* **Activity**
For this exercise, return all the data word for word, with images left out.

* **Supplied material**
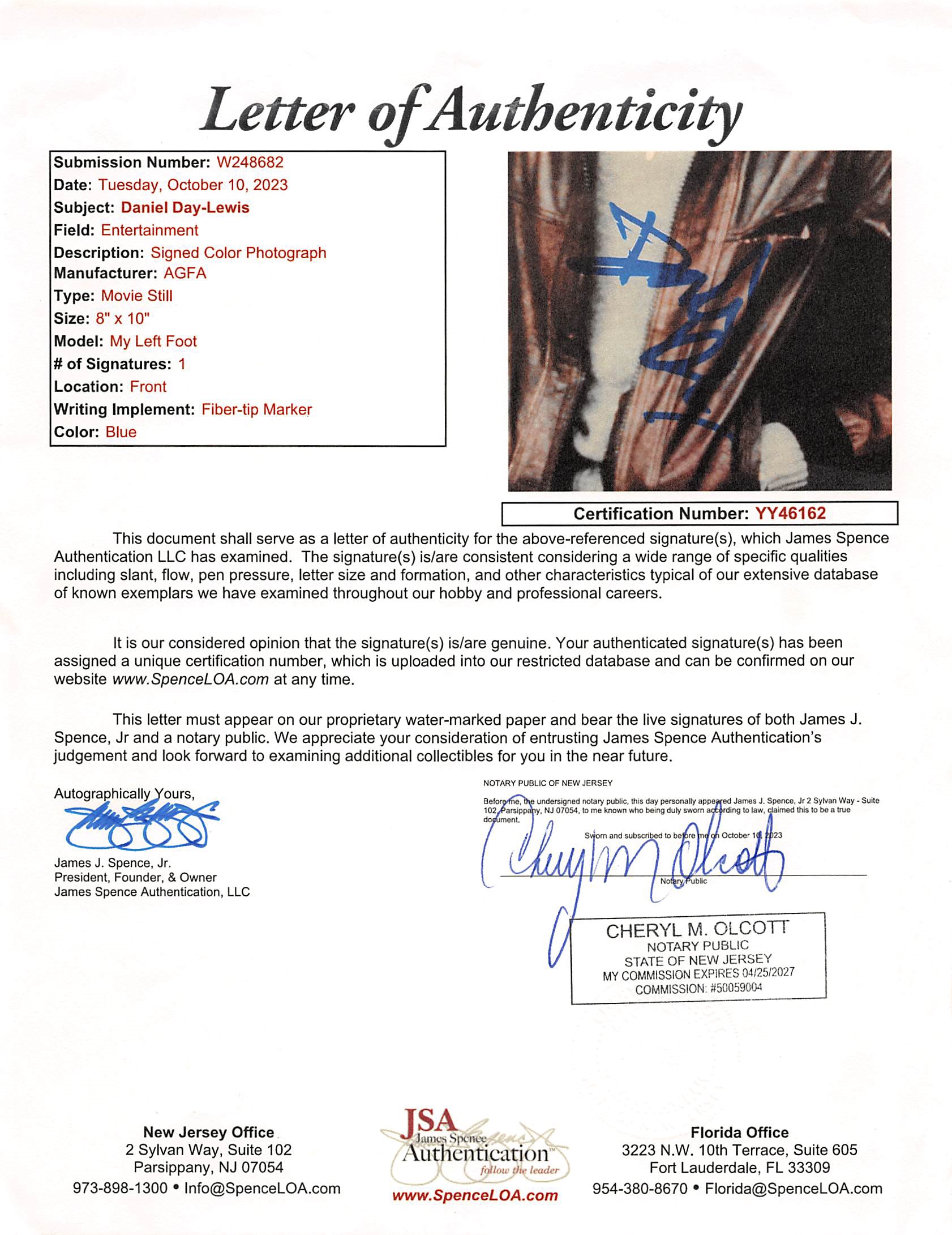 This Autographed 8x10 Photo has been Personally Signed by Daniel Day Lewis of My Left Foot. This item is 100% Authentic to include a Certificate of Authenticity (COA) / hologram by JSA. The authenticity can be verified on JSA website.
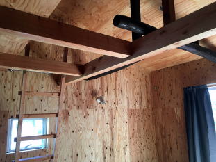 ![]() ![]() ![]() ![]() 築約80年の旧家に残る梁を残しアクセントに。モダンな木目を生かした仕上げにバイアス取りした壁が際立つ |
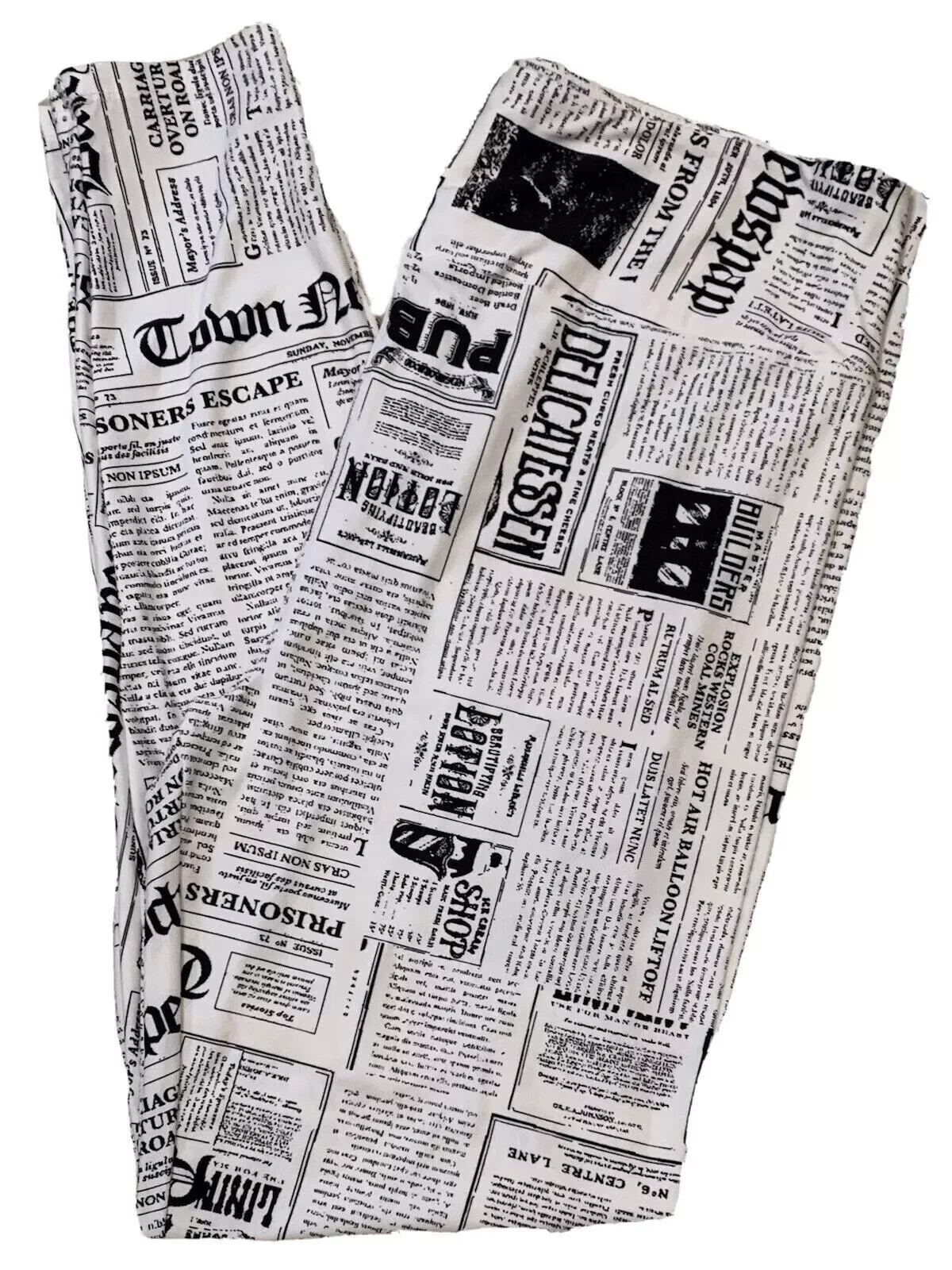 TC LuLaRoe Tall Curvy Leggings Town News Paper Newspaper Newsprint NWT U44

* **Response to this exercise**
 This Autographed 8x10 Photo has been Personally Signed by Daniel Day Lewis of My Left Foot. This item is 100% Authentic to include a Certificate of Authenticity (COA) / hologram by JSA. The authenticity can be verified on JSA website.
 ![]() ![]() ![]() ![]() 築約80年の旧家に残る梁を残しアクセントに。モダンな木目を生かした仕上げにバイアス取りした壁が際立つ |
 TC LuLaRoe Tall Curvy Leggings Town News Paper Newspaper Newsprint NWT U44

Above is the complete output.